Относился он к овчаркам примерно так же, как в прежние времена мужики относились к дворянам. На его совести было несколько загубленных овчарочьих душ.
— Вот так, Урагаюшко, — со вздохом закончил разговор с собакой дядя Петр, — остарели мы, видно, с тобой, уходились.
Они брели в избушку. Дядя Петр впереди, Ураган сзади. Кобель сник, опустил голову и часто присаживался выкусывать из лап напитанные кровью ледышки.
Через порог избушки он перемахнуть не мог. Перелез, будто пьяный мужик. Чувствуя, как стиснуло сердце, дядя Петр закричал:
— Какова лешева ползешь? Околевать — так околевай!
После этого дядя Петр зло рвал пилою сухостоину, колол чурки так, будто сокрушал зверя лютого. Наготовил дров столько, что хватило бы в русскую печь на неделю. Работа немного успокоила.
…В охотничьей суме, пропитанной жиром и всевозможными запахами, хранилась четвертинка водки. Дядя Петр каждую осень брал с собой четвертинку водки и распитием ее отмечал первую добычу.

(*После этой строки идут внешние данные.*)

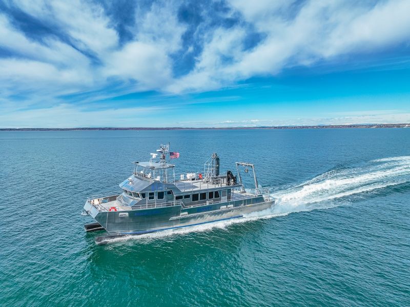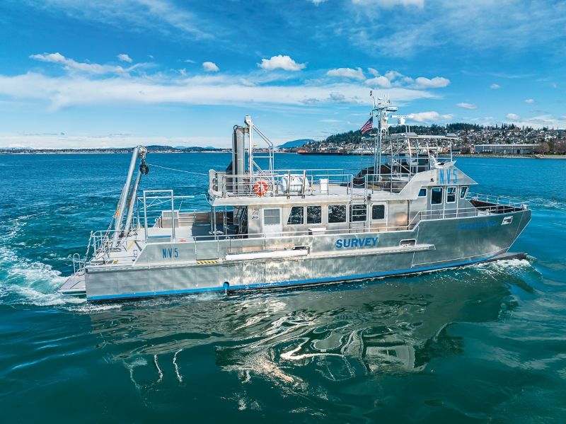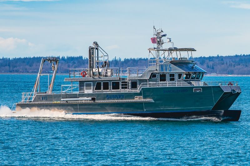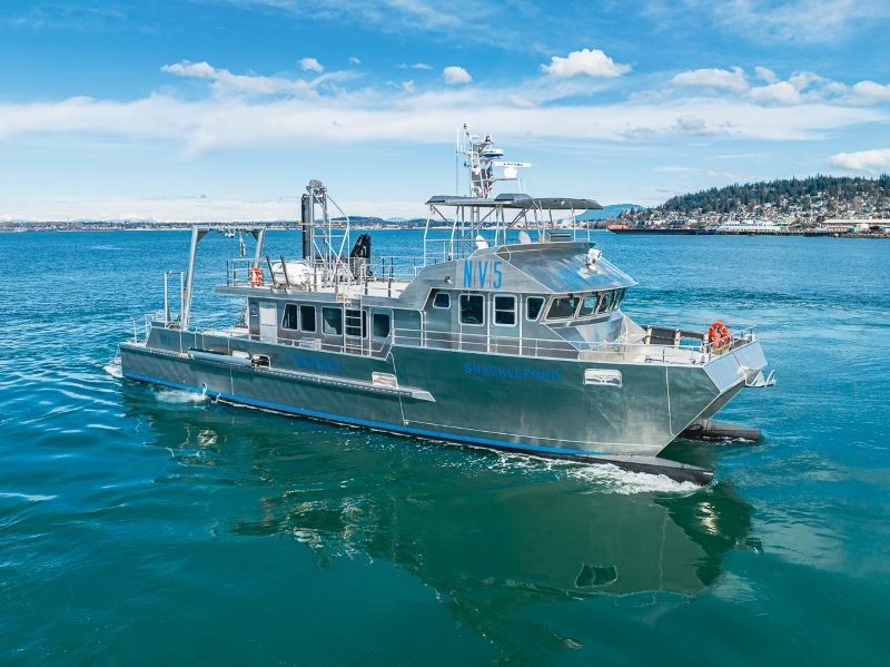 R/V Shackleford leverages the fundamental, and proven design elements of the Duke University Marine Lab’s R/V Shearwater and Blue Tide Puerto Rico’s R/V Blue Manta which have proven to be highly successful in their near-coastal research environments. The vessel was sea-trialed on Bellingham Bay, prior to being transported via cargo ship to its homeport of Beaufort, NC.

Этот сезон начался с неудачи. Ну так что же? Обратно нести четвертинку? Сердито высморкавшись за печку, дядя Петр подержал в руках, как пташку, стеклянную посудину и решительно хлопнул ее по уютному донышку. Пробка шлепнулась в стенку, брызги водки шипнули на печке, и охотник мрачно крякнул. Под парами беспокойно завозился Ураган.
Суетливо ходит по окошку ветка ели, и когда в печи вспыхивают дрова, она кажется белой, а капли, текущие по стеклу, черными. Но стоит притухнуть печи, сразу светлеют капли, которыми плачет за окном черная ель.
О чем ты плачешь, ель? О чем ты плачешь?
Дядя Петр ведет молчаливый разговор с елью.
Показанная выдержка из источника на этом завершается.